Maroc/États-Unis : un déséquilibre persistant après vingt ans de libre-échange

Contrairement à d’autres pays africains, le Maroc a privilégié le bilatéral dans ses rapports économiques avec les États-Unis. L’Accord de libre-échange bilatéral avec le pays de l’Oncle Sam, signé en 2004 et entré en vigueur en 2006, incarnait ce choix du Royaume. Mais, vingt ans plus tard, un constat sans détour s’impose : cet accord n’a pas permis de corriger le déséquilibre structurel des échanges entre les deux pays. C’est la conclusion du think tank américain Brookings Institution, formulée dans une analyse signée par deux experts de cet organisme : Zuzana Brixiova Schwidrowski et Etayibtalnam Koudjom.

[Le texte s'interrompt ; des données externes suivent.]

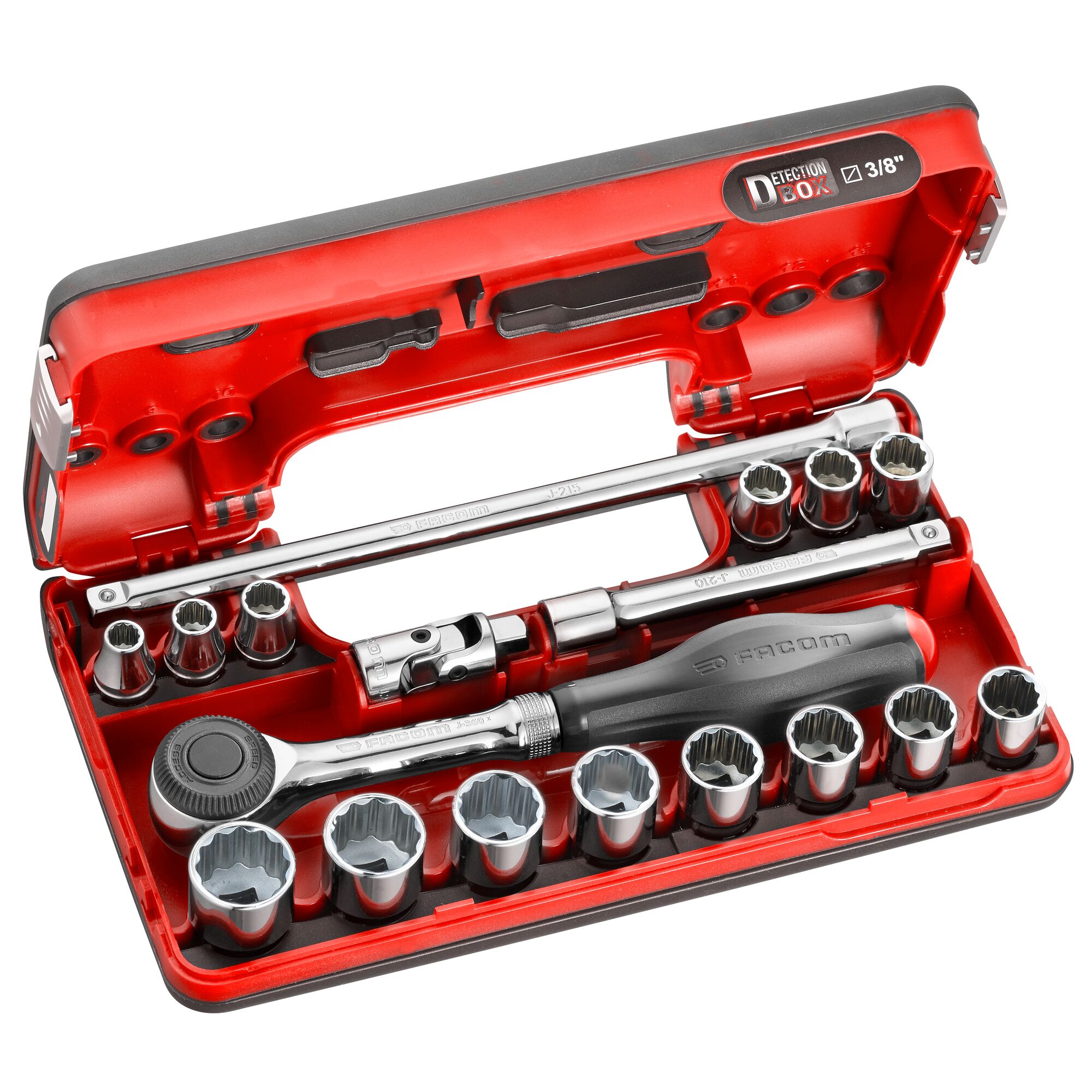 Zestaw nasadek rozmiar napędu 3/8 cala elementy: 18 Facom typ napędu Kwadratowy gniazdo 8 , 9 , 10 , 11 , 12 , 13 , 14
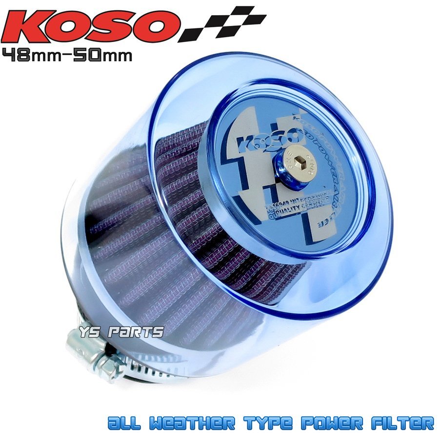 > KOSO全天候型パワーフィルター48mm-50mm青シグナスX/ジョグ2JA/ジョグ2TA/2TE/2EX/BW'S50[3AA]ジョグスポーツ3CP1チャンプRS/チャンプCX
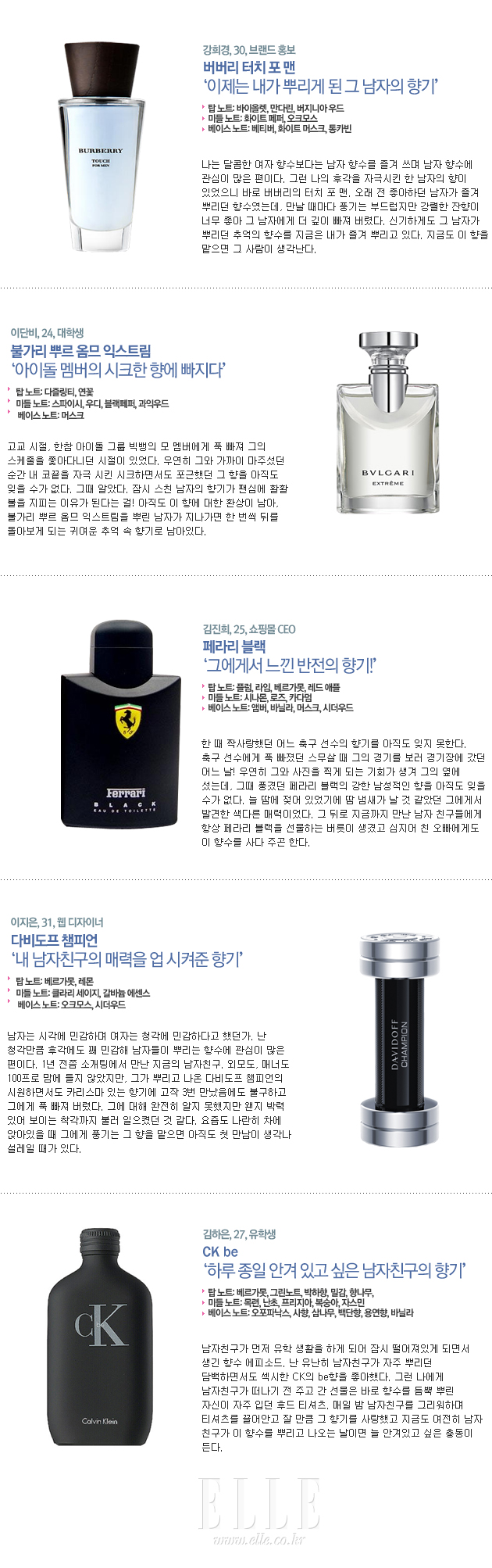 외모나 스타일이 완벽하지 않아도 언뜻 스친 남자의 향기에 온통 마음을 빼앗겨 버린 여자들이 모였다. 그녀들이 푹 빠진 향수 리스트를 참고하여 이제 남자들도 여자들의 마음을 사로잡을 자신만의 시그니처 향 하나쯤은 준비하시길!
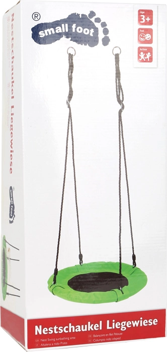 Zaļais šūpuļtīkls stārķa ligzda SMALL FOOT pārvērtīs jebkuru dārzu, terasi vai bērnu istabu par miera un izklaides oāzi. Pateicoties mīkstajai, ērtajai malai un apaļajai formai, tas nodrošina drošu un mājīgu vietu lasīšanai, atpūtai un šūpošanai. Metāla gredzeni atvieglo ātru iekāršanu, bet izturīgie materiāli garantē ilgu kalpošanas laiku.
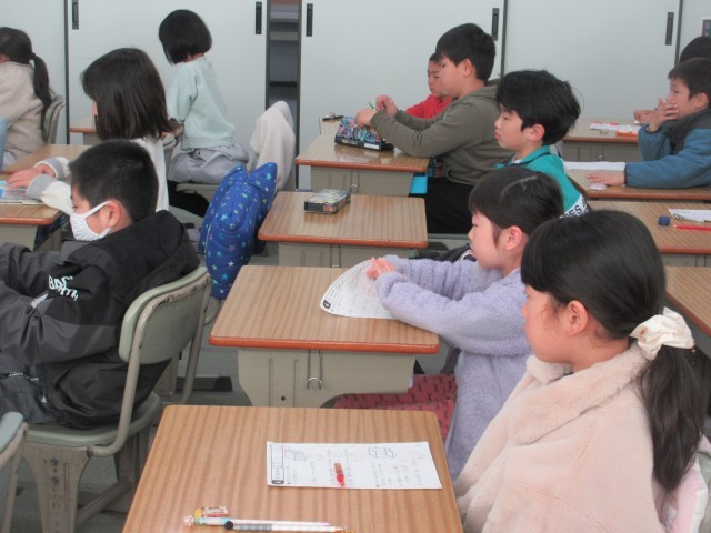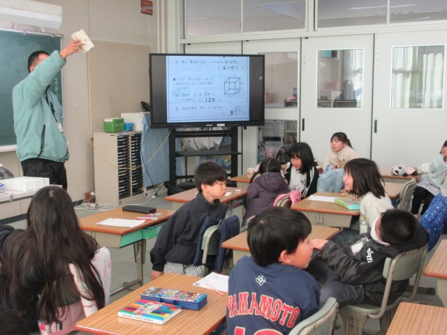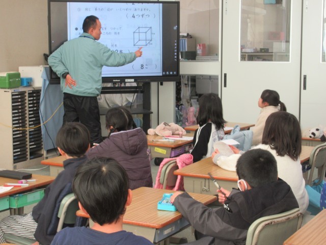 3月5日(木)2年生:算数 公開日 2026/03/05 更新日 2026/03/05 うのさとニュース 「はこの形」の練習問題の答え合わせ、そして確認をしていました。面、辺、ちょう点・・・担任の先生からの説明を聞いて、大切な言葉についても確かめました。、

Selon cette analyse, l’accord Maroc/États-Unis devait faire du Royaume une plateforme régionale, diversifier ses exportations, y attirer l’investissement américain et, partant, stimuler l’emploi dans le pays. Sur le papier, l’architecture de l’accord était complète : biens, services, investissements, propriété intellectuelle. Mais, dans les faits, la dynamique commerciale s’est pratiquement installée à sens unique. Le graphique associé à l’analyse de Brookings est, à cet égard, explicite. Depuis la fin des années 1990, et plus encore après l’entrée en vigueur de l’accord, les importations marocaines en provenance des États-Unis progressent rapidement. Les exportations, elles, suivent une trajectoire nettement plus modérée. L’écart ne se résorbe jamais. Il s’élargit.